**PROBLEM**
Leaving the pictures aside, restate all of the data exactly.

**MATERIAL FOR THIS EXERCISE**
BEGIN

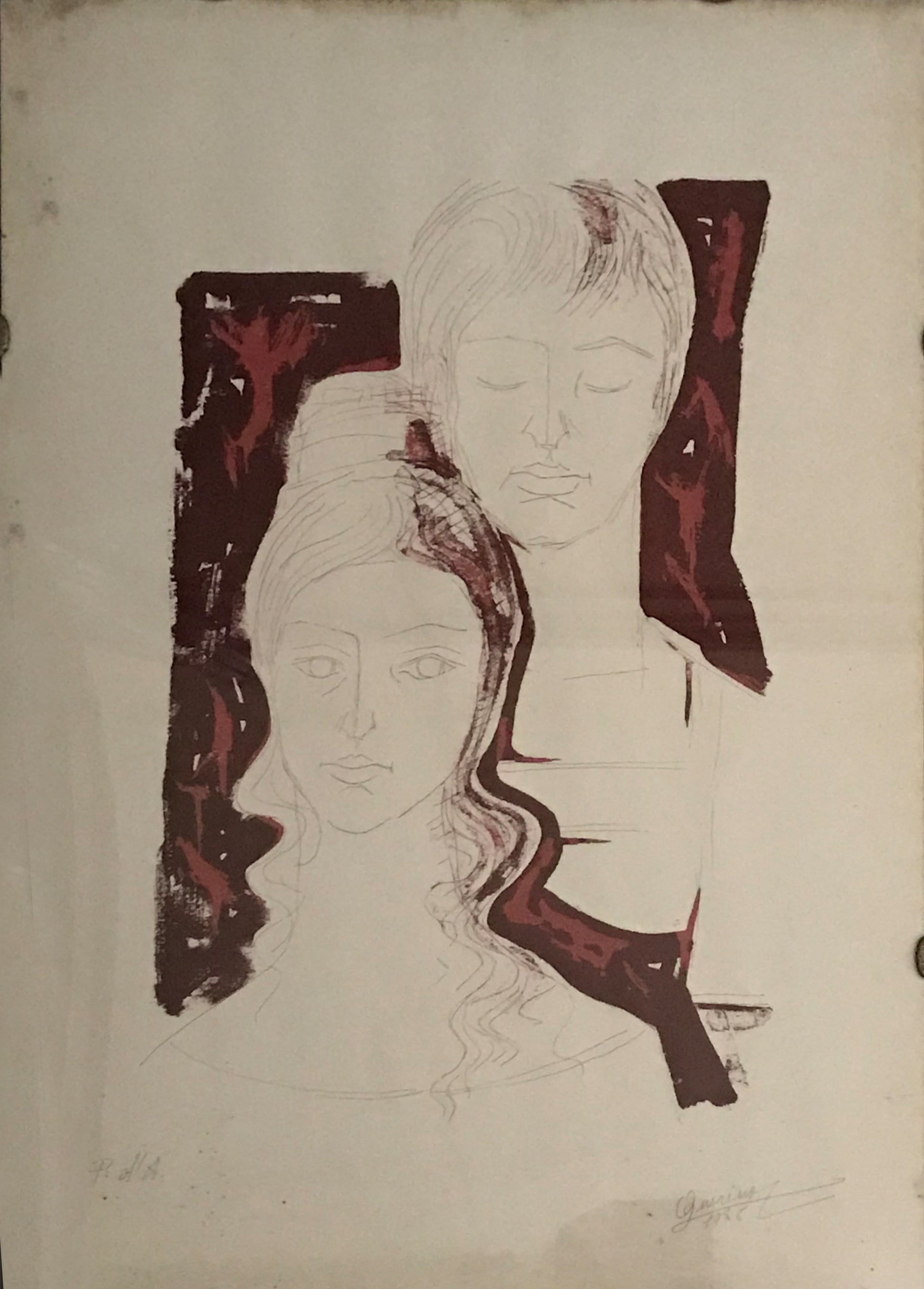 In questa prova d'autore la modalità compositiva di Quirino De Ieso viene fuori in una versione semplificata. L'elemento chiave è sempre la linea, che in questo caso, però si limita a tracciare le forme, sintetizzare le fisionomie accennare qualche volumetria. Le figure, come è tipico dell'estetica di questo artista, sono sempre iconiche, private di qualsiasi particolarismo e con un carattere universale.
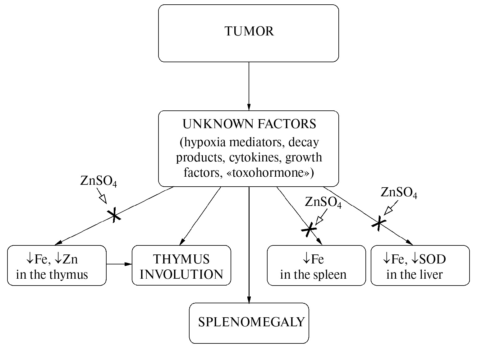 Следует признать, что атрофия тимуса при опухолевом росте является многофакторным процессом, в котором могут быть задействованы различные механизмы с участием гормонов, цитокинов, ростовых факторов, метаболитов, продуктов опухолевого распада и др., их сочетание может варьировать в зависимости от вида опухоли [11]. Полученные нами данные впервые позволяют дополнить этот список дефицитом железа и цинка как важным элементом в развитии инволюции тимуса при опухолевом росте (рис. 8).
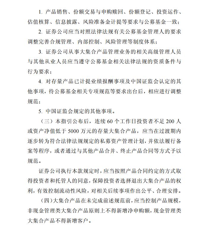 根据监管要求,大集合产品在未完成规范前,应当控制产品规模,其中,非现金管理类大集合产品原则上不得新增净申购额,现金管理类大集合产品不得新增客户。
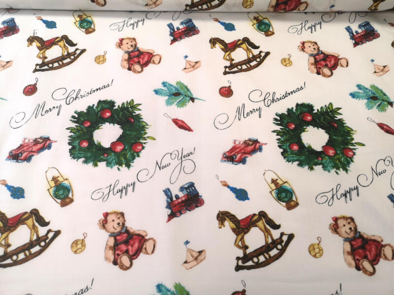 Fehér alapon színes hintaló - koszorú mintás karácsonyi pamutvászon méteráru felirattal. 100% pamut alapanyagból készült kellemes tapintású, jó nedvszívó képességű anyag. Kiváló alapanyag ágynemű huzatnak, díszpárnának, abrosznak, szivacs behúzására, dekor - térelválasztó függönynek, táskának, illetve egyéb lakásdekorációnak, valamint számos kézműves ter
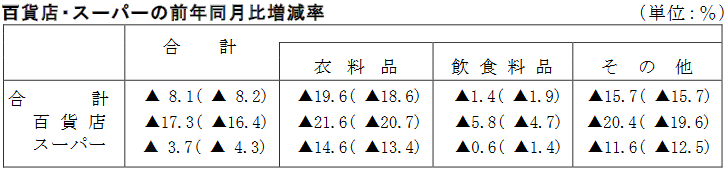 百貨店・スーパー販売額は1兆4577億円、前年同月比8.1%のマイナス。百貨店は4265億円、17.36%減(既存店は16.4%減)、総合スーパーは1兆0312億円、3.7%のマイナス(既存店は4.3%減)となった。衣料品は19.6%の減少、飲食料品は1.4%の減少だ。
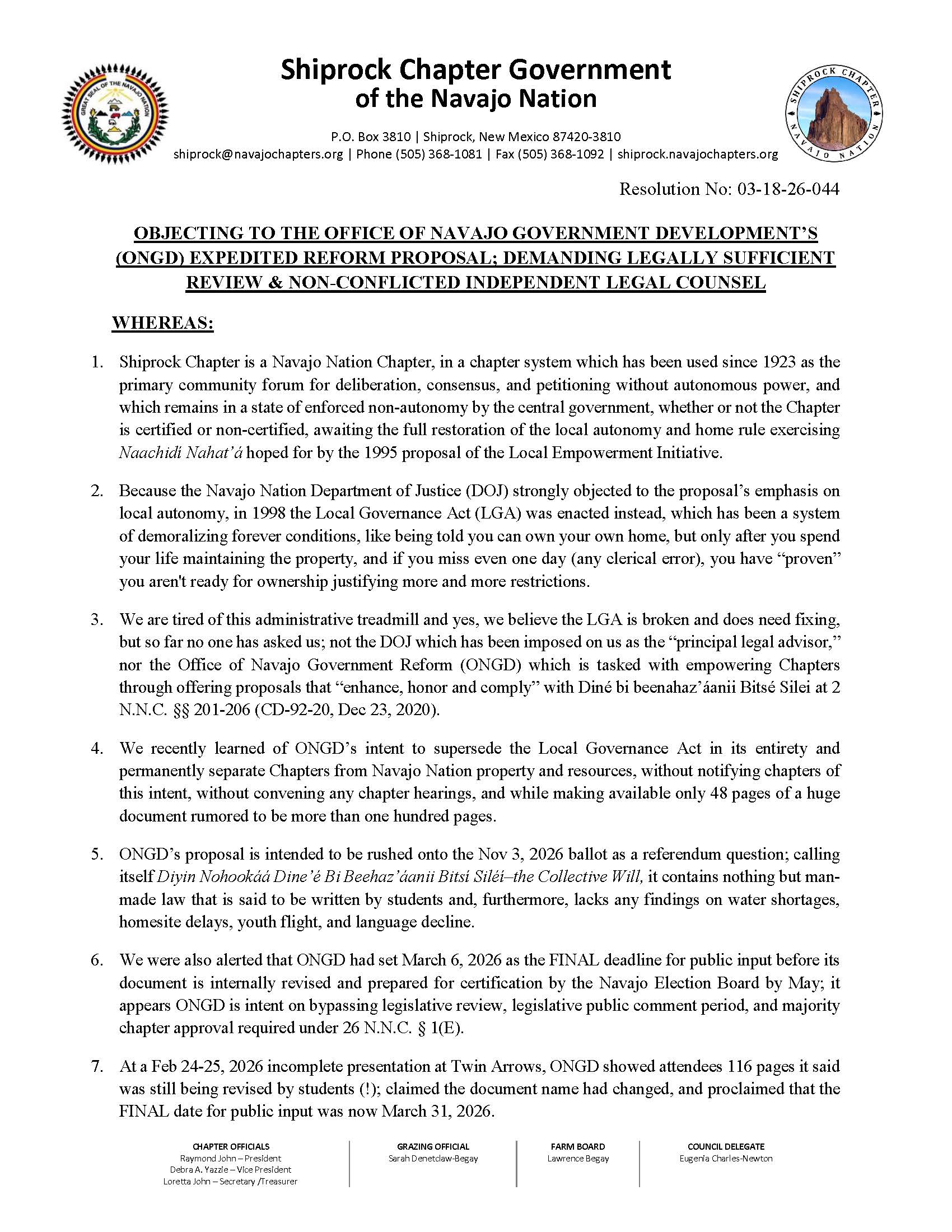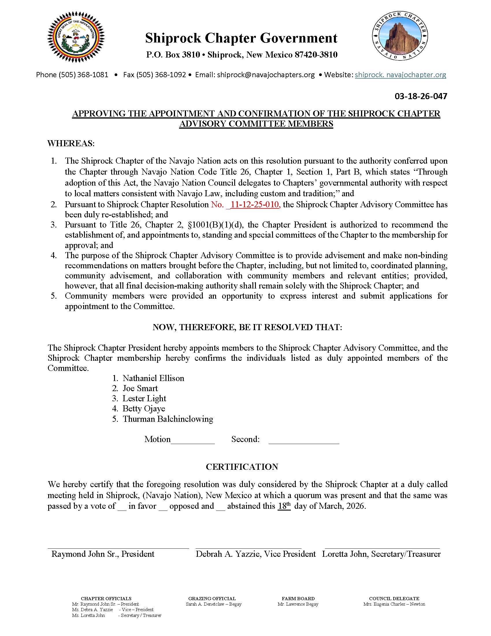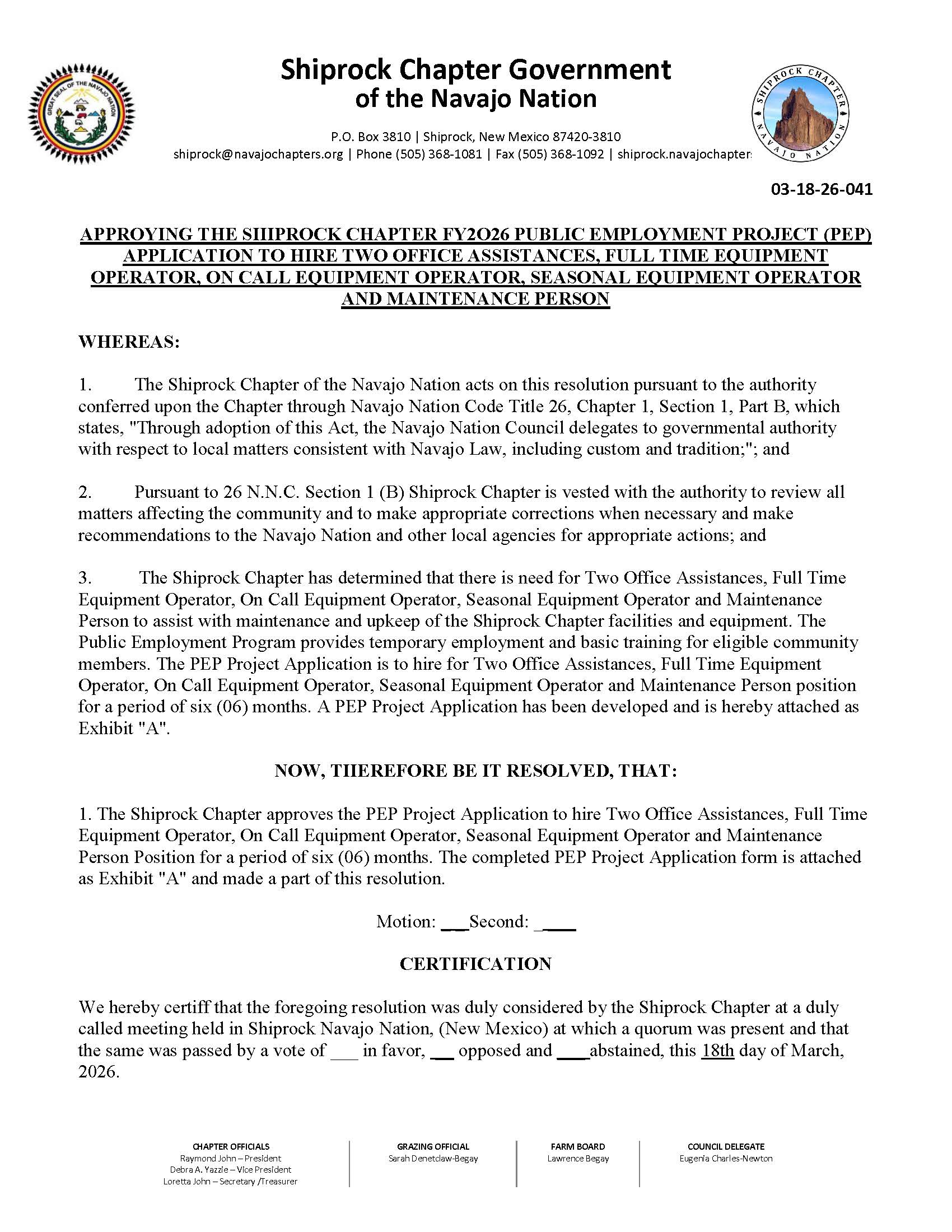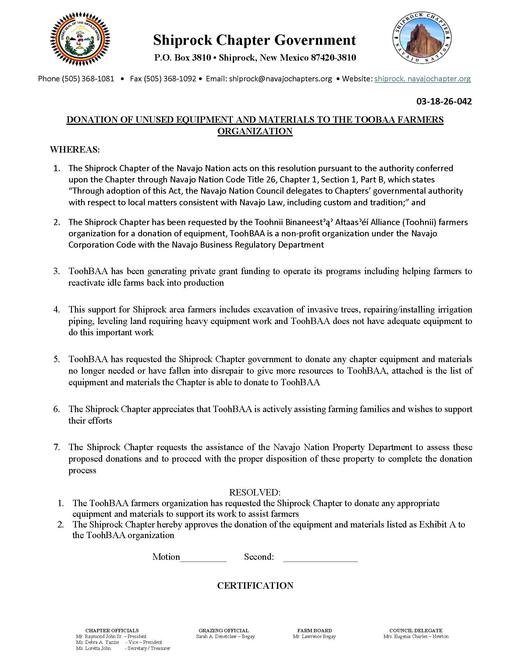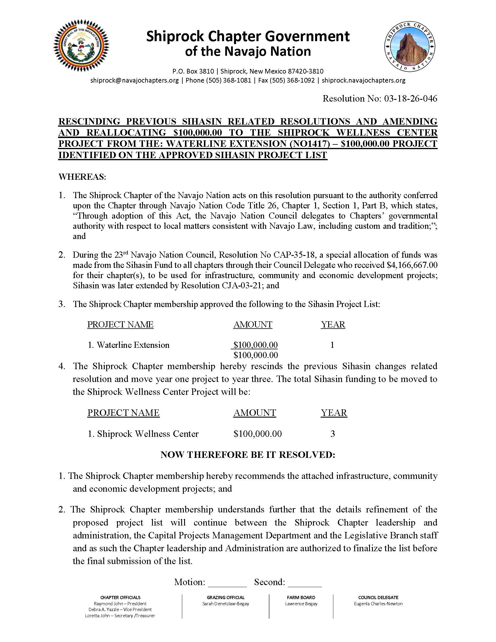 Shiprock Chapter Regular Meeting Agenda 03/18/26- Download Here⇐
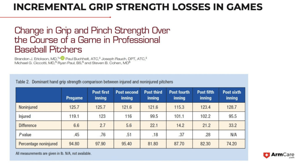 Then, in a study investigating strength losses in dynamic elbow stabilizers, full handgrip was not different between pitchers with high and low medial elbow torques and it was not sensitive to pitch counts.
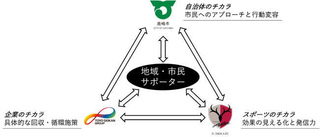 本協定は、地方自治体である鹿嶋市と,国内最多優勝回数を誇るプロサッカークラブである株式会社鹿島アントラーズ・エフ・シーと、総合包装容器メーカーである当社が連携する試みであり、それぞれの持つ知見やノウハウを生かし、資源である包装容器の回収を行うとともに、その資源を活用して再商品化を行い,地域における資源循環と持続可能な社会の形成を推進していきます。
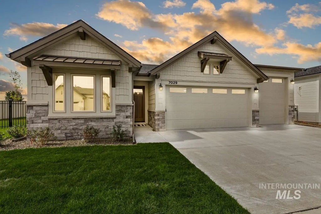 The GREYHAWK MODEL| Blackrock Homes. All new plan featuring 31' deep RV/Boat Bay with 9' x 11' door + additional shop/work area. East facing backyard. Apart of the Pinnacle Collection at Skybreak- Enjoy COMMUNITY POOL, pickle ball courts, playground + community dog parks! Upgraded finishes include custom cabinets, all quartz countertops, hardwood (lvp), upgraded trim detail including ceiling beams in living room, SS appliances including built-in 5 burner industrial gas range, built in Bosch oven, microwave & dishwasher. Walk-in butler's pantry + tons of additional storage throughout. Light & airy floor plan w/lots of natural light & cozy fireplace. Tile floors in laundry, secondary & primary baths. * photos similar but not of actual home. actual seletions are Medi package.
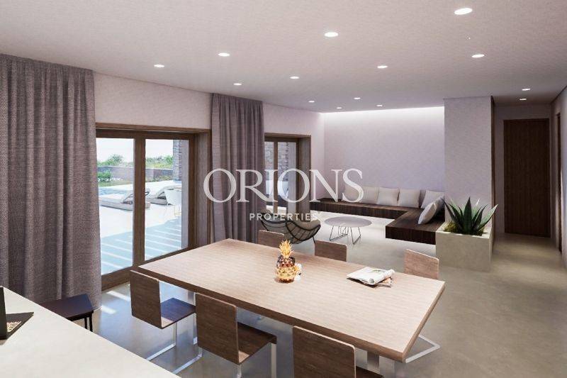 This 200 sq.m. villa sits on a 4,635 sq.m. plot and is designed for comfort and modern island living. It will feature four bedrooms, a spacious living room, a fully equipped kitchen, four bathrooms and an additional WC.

END

**COMPLETED EXERCISE**
 In questa prova d'autore la modalità compositiva di Quirino De Ieso viene fuori in una versione semplificata. L'elemento chiave è sempre la linea, che in questo caso, però si limita a tracciare le forme, sintetizzare le fisionomie accennare qualche volumetria. Le figure, come è tipico dell'estetica di questo artista, sono sempre iconiche, private di qualsiasi particolarismo e con un carattere universale.
 Следует признать, что атрофия тимуса при опухолевом росте является многофакторным процессом, в котором могут быть задействованы различные механизмы с участием гормонов, цитокинов, ростовых факторов, метаболитов, продуктов опухолевого распада и др., их сочетание может варьировать в зависимости от вида опухоли [11]. Полученные нами данные впервые позволяют дополнить этот список дефицитом железа и цинка как важным элементом в развитии инволюции тимуса при опухолевом росте (рис. 8).
 根据监管要求,大集合产品在未完成规范前,应当控制产品规模,其中,非现金管理类大集合产品原则上不得新增净申购额,现金管理类大集合产品不得新增客户。
 Fehér alapon színes hintaló - koszorú mintás karácsonyi pamutvászon méteráru felirattal. 100% pamut alapanyagból készült kellemes tapintású, jó nedvszívó képességű anyag. Kiváló alapanyag ágynemű huzatnak, díszpárnának, abrosznak, szivacs behúzására, dekor - térelválasztó függönynek, táskának, illetve egyéb lakásdekorációnak, valamint számos kézműves ter
 百貨店・スーパー販売額は1兆4577億円、前年同月比8.1%のマイナス。百貨店は4265億円、17.36%減(既存店は16.4%減)、総合スーパーは1兆0312億円、3.7%のマイナス(既存店は4.3%減)となった。衣料品は19.6%の減少、飲食料品は1.4%の減少だ。
 Shiprock Chapter Regular Meeting Agenda 03/18/26- Download Here⇐
 Then, in a study investigating strength losses in dynamic elbow stabilizers, full handgrip was not different between pitchers with high and low medial elbow torques and it was not sensitive to pitch counts.
 本協定は、地方自治体である鹿嶋市と,国内最多優勝回数を誇るプロサッカークラブである株式会社鹿島アントラーズ・エフ・シーと、総合包装容器メーカーである当社が連携する試みであり、それぞれの持つ知見やノウハウを生かし、資源である包装容器の回収を行うとともに、その資源を活用して再商品化を行い,地域における資源循環と持続可能な社会の形成を推進していきます。
 The GREYHAWK MODEL| Blackrock Homes. All new plan featuring 31' deep RV/Boat Bay with 9' x 11' door + additional shop/work area. East facing backyard. Apart of the Pinnacle Collection at Skybreak- Enjoy COMMUNITY POOL, pickle ball courts, playground + community dog parks! Upgraded finishes include custom cabinets, all quartz countertops, hardwood (lvp), upgraded trim detail including ceiling beams in living room, SS appliances including built-in 5 burner industrial gas range, built in Bosch oven, microwave & dishwasher. Walk-in butler's pantry + tons of additional storage throughout. Light & airy floor plan w/lots of natural light & cozy fireplace. Tile floors in laundry, secondary & primary baths. * photos similar but not of actual home. actual seletions are Medi package.
 This 200 sq.m. villa sits on a 4,635 sq.m. plot and is designed for comfort and modern island living. It will feature four bedrooms, a spacious living room, a fully equipped kitchen, four bathrooms and an additional WC.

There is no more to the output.